Джон нежно поцеловал Тэсс, повернулся набок и почти сразу уснул. Девушка выждала немного, потом аккуратно перегнулась через него, взяла с ночного столика зеркало в золотой оправе и стала рассматривать свое лицо. Она любовалась собой, говорила сама себе комплименты и шепотом выражала надежду, что сын директора главного манчестерского театра, наконец, обратит на нее внимание. «А что делать с Джонни, я уж придумаю», - тихо проговорила Тэсс и хихикнула.

Вдруг ее внимание привлек какой-то необычный звук. Тэсс прислушалась. Ей показалось, что она слышит шуршание книжных страниц. Будто кто-то листал огромную книгу, листал все быстрее и яростнее, и страницы угрожающе шелестели, переворачиваясь под чьими-то скрюченными пальцами. Звук приближался. Он несся по коридору, а потом резко затих у комнаты Джона. Тэсс попыталась разбудить его, но Джон спал очень крепко. Звук возобновился. Тэсс казалось, что за дверью высится целая гора исписанных, отвратительно шелестящих страниц. Девушка хотела закричать, но от ужаса в горле у нее пересохло. Она только крепко сжимала ручку зеркальца и смотрела, как дверь комнаты медленно открывается.
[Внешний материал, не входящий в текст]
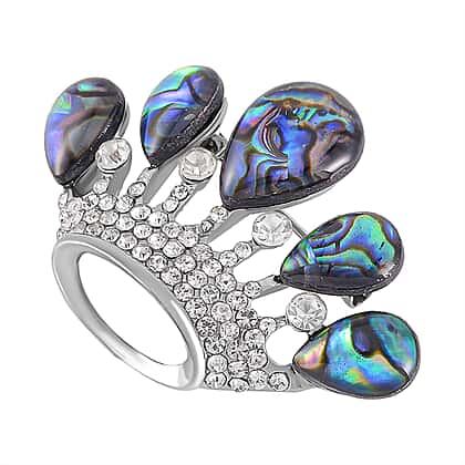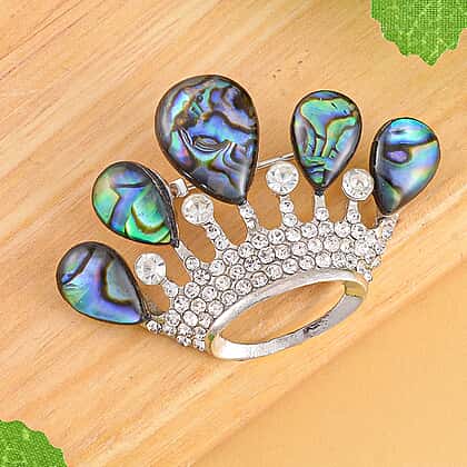 Abalone Shell and White Austrian Crystal Crown Brooch

На следующее утро раньше всех в доме проснулась кухарка и сразу отправилась варить кофе. Ее удивил холод, царивший в доме. Как будто ночью кто-то открыл все двери и окна. Эмма прошлась по коридорам, поднялась наверх, заглянула в библиотеку. Большая книга в черной обложке лежала там же, где оставила ее леди Кэтрин. Она была открыта на одной из последних глав, в которых говорилось о втором способе омоложения. Эмма пожала плечами и отправилась будить мистера Смита. Она постучалась несколько раз, а потом заметила, что дверь не заперта. Эмма тихонько отворила дверь, да так и осталась стоять на пороге, при этом отчаянно визжа.

Джон Смит, дворецкий дома Уилардзов, лежал на кровати совершенно голый. Его тело покрывали отвратительные черные пятна. Но лицо было спокойно – очевидно, он умер во сне. Рядом с ним, привалившись к стене, сидела какая-то женщина, которую Эмма видела впервые в жизни: на вид ей было около пятидесяти лет, а может быть, и больше – ее кожа была неестественно морщиниста и бледна. Она была острижена под мальчика, а в руке держала зеркало, принадлежавшее леди Кэтрин. Глаза ее были открыты, и в них навеки остался такой ужас, что Эмма, переведшая было дух, начинала кричать снова и снова.

Когда приехали полицейские, растерянные и испуганные слуги ничем не могли им помочь: они не знали, что случилось с мистером Смитом, не могли объяснить, куда девалась Мэри-Джейн, и уж тем более не догадывались, как из запертой гостиной мог исчезнуть гроб с телом леди Кэтрин.

***
Владелец одной из крупнейших художественных галерей Лондона, Эфраим Дж. Форсит, любил самолично запирать все залы. Он медленно проходил мимо скульптур и полотен, кое-где поправлял таблички, близоруко щурясь, смахивал несуществующие пылинки с роскошных рам. Наконец, дойдя до выхода, оборачивался и смотрел на свою любимую картину – «Венеру в бархате». Картина изображала невероятно красивую женщину, лежащую на бархатном покрывале. Эфраим Дж. Форсит часто смотрел на эту картину, и никак не мог понять, что выглядит нежнее и чувственнее – синий бархат, до которого так и хотелось дотронуться рукой, или кожа этой женщины. Кроме того, владелец галереи не знал, отнести ли эту оптическую иллюзию к недостаткам или все же к достоинствам картины. Но, так или иначе, именно на это полотно приходили смотреть сотни людей. Вот и сейчас: несмотря на поздний час, какая-то женщина буквально застыла перед «Венерой» и не обращает на владельца галереи никакого внимания.

- Сударыня, мы закрываемся! – громко сказал господин Форсит. – Приходите завтра, прошу вас!

Женщина обернулась на его голос и медленно пошла к выходу. Проходя мимо Форсита, она улыбнулась ему. Он всмотрелся в ее лицо и невольно отступил на шаг – будь он проклят, если «Венеру в бархате» писали не с нее!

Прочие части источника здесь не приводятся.